--- Requirement ---
Look below for the line holding "6 smukke vinglas" and the line holding "- Corpo triangular: blusas". Transcribe exactly those lines and all lines between them, nothing more.

--- Exercise inputs ---

Content starts

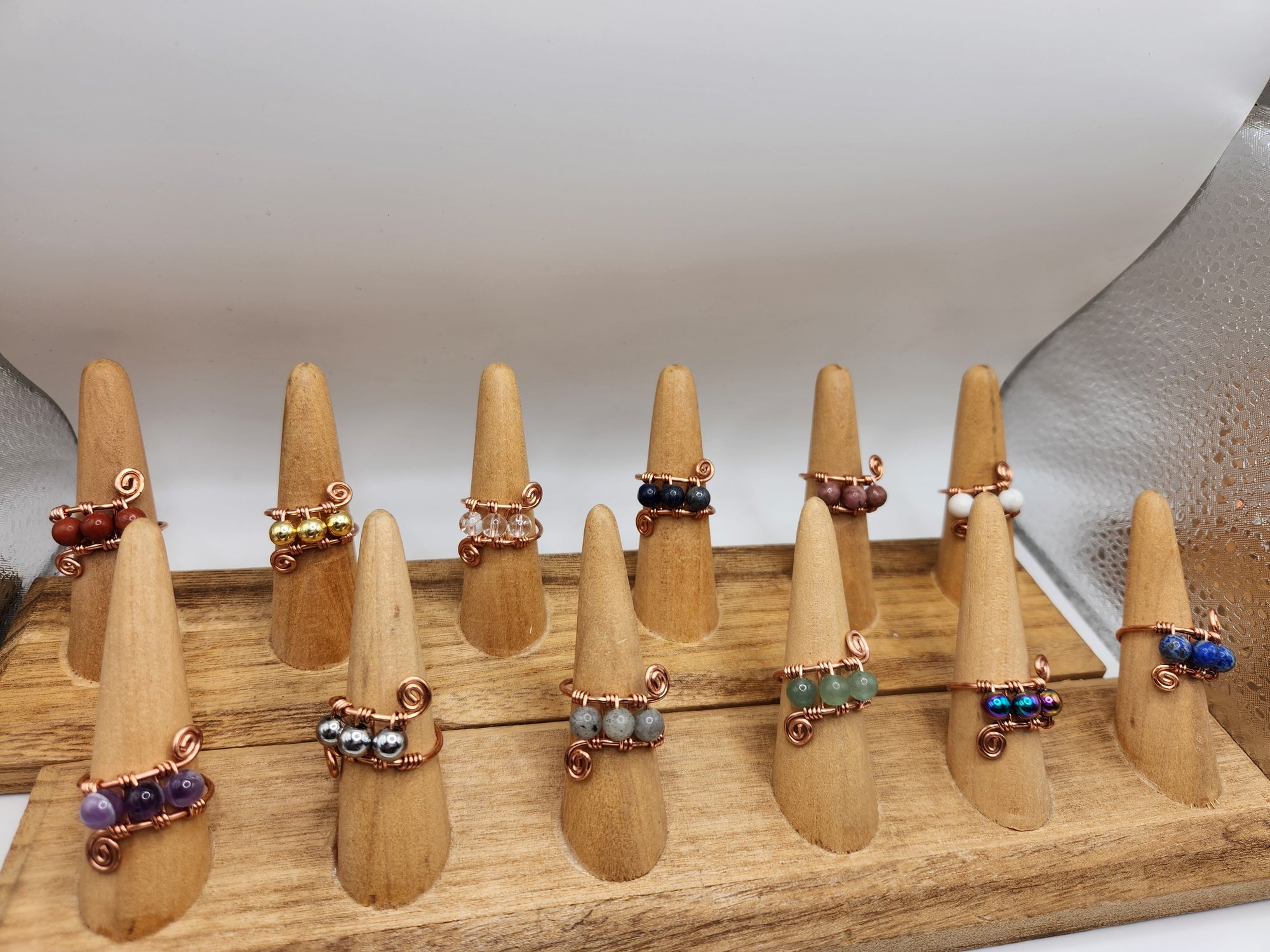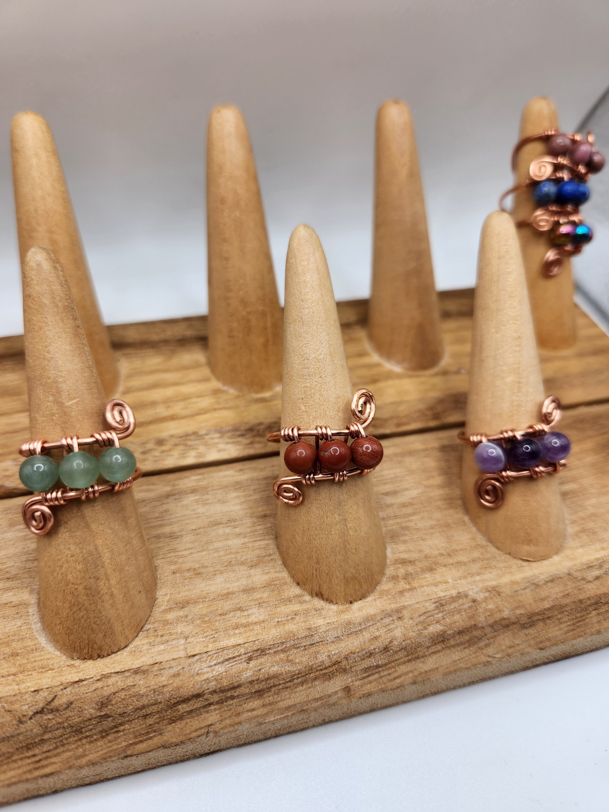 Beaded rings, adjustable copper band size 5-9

Content ends
Content starts

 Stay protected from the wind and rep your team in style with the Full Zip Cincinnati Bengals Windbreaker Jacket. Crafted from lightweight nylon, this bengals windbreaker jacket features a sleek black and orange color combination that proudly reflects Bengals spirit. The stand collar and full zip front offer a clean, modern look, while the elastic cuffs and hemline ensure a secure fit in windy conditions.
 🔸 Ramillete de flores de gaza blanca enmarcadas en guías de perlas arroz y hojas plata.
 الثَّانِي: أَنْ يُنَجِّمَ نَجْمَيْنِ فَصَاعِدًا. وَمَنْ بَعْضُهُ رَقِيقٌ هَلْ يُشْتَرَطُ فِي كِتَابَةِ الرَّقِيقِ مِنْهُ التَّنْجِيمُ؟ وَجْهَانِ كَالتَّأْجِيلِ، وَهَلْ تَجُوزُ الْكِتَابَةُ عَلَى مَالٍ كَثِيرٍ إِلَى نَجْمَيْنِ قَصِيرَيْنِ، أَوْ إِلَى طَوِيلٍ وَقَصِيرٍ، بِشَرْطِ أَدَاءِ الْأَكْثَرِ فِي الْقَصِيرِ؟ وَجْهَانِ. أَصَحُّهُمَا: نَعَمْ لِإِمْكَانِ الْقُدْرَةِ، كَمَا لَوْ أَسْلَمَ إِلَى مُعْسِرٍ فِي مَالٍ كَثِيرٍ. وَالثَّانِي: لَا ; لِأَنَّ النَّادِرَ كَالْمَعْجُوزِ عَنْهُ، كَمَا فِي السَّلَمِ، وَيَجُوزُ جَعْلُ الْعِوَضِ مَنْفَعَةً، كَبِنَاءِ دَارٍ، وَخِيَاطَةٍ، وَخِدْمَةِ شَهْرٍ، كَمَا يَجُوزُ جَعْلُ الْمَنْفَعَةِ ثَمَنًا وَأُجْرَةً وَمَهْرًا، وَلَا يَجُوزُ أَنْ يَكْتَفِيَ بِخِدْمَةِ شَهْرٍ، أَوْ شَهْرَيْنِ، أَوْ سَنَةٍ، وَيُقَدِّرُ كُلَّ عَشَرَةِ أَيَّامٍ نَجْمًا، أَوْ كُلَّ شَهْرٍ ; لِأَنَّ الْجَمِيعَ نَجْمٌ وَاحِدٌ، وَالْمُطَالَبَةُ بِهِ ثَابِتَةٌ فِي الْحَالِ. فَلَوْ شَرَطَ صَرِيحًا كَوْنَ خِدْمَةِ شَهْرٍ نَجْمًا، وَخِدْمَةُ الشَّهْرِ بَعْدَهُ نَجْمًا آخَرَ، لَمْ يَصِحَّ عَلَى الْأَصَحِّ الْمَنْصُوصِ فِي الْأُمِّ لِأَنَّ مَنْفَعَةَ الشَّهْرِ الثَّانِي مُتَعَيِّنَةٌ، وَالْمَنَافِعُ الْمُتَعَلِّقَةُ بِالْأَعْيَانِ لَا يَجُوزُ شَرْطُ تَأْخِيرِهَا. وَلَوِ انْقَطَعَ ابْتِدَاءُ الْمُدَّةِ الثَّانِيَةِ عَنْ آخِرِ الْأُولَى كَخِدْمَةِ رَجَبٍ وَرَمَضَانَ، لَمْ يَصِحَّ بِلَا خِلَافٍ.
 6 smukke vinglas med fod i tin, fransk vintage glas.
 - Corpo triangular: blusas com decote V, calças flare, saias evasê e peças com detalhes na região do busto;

Content ends

--- Output ---
 6 smukke vinglas med fod i tin, fransk vintage glas.
 - Corpo triangular: blusas com decote V, calças flare, saias evasê e peças com detalhes na região do busto;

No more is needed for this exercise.